- A crise global da moradia torna mais difícil comprar imóvel e o aluguel sobe, segundo Gustavo Favaron, CEO do GRI Institute; exceção seria a China, onde cerca de 90% das pessoas têm casa própria.
- Os custos (terreno, mão de obra e materiais) subiram de forma contínua, a inflação é estrutural e a renda não acompanha, ampliando o desfio entre desejo de compra e capacidade financeira.
- A demanda por aluguel aumenta conforme as pessoas formam novas famílias, mas a oferta não acompanha, elevando os aluguéis bem acima da inflação e até do preço dos imóveis.
- O estoque disponível é antigo, mal localizado ou inadequado para aluguel, faltando imóveis desenvolvidos especificamente para locação.
- O viés é estrutural e leva as incorporadoras a adotarem modelos voltados para aluguel, como o multifamily, tendência que pode ganhar força no Brasil; quem puder comprar, deve fazê-lo, já que não há perspectiva de queda estrutural de preços.
O mercado imobiliário mundial enfrenta custos elevados, juros altos e renda pressionada, o que dificulta a compra e acirra o aluguel. A leitura é de Gustavo Favaron, CEO do GRI Institute, think tank com sede em Londres que reúne incorporadoras, fundos e investidores institucionais. Ele aponta uma tendência estrutural que se observa em várias regiões.

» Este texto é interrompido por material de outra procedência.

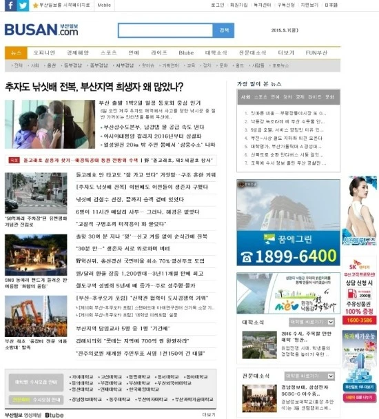 제일 먼저 부산일보의 홈페이지를 찾아 보았다. 부산일보가 언제부터 홈페이지 서비스를 시작했는지 알아보고 싶었는데 알 수가 없다. 찾아보려 했지만 찾기가 힘들다. 첫 화면에 들어가면 느낀 것은 요즘 트렌드에 역행하는 레이아웃이라는 것이다. 마치 인터넷 초창기에 만들어진 듯한 레이아웃이다. 초기 홈페이지를 개선하지 않고 계속 사용하고 있는 것 같다. 부산의 대표 신문사라고 하기엔 너무나도 부족한 홈페이지다. 지역 대표 언론사라는 타이틀을 내새우기엔 부산의 지역색을 찾아볼 만한 요소도 찾기가 힘들다. 홈페이지를 보고 있으면, 종이신문에서 광고수익을 내고 있으니 홈페이지 무료뉴스는 아무렇게나 관리해도 상관없다는 듯한 인상을 준다. 네이버 스탠다드 뉴스에 집중하는 것도 좋지만 메인 홈페이지가 조금만 더 쌈박했으면 좋겠다.

Favaron participa de discussões com executivos de mercados globalmente conectados e cita encontros recentes, como o GRI Chairmen’s Retreat 2026 na Suíça, onde participaram grandes fundos soberanos e grupos de investimento. A leitura é de que a dificuldade de acessar moradia não é episódica, mas disseminada.
Cenário global da moradia
Para o executivo, o padrão é claro ao analisar preço por preço e país por país: ficou mais difícil comprar em quase todos os lugares, e o aluguel tem subido de forma significativa. O caso da China é citado como exceção, com alta proporção de imóveis ocupados por seus moradores.
Os custos de terreno, mão de obra e materiais avançaram de forma contínua, enquanto a renda não acompanhou esse ritmo. Juros elevados elevam o peso do financiamento, e mudanças tributárias podem ser repassadas ao comprador, ampliando o gap entre desejo e capacidade de compra.
Efeito sobre aluguel e estoque
A vida segue, com casamentos, filhos e mudanças de cidade. Se a compra não é viável, a demanda migra para o aluguel, que não encontra oferta suficiente. Lançamentos de aluguel sobem, muitas vezes acima da inflação, enquanto o estoque existente é antigo ou mal localizado.
A falta de imóveis desenvolvidos para locação agrava a pressão. Em mercados como Londres e Nova York, o custo de aluguel acompanha o aumento da demanda, sem que haja absorção adequada pelo estoque disponível.
Perspectivas para o Brasil
Favaron aponta que o movimento deve ganhar força no Brasil, com o desenvolvimento de imóveis voltados para locação, o chamado modelo multifamily. Essa estratégia envolve construir para alugar e gerir grandes carteiras de unidades, com possível venda futura a fundos.
Para quem precisa decidir entre comprar ou alugar, a orientação é manter o foco na capacidade de compra. A visão é de que não haverá queda estrutural nos preços, apenas ajustes pontuais em áreas específicas. A demanda por aluguel tende a continuar elevada.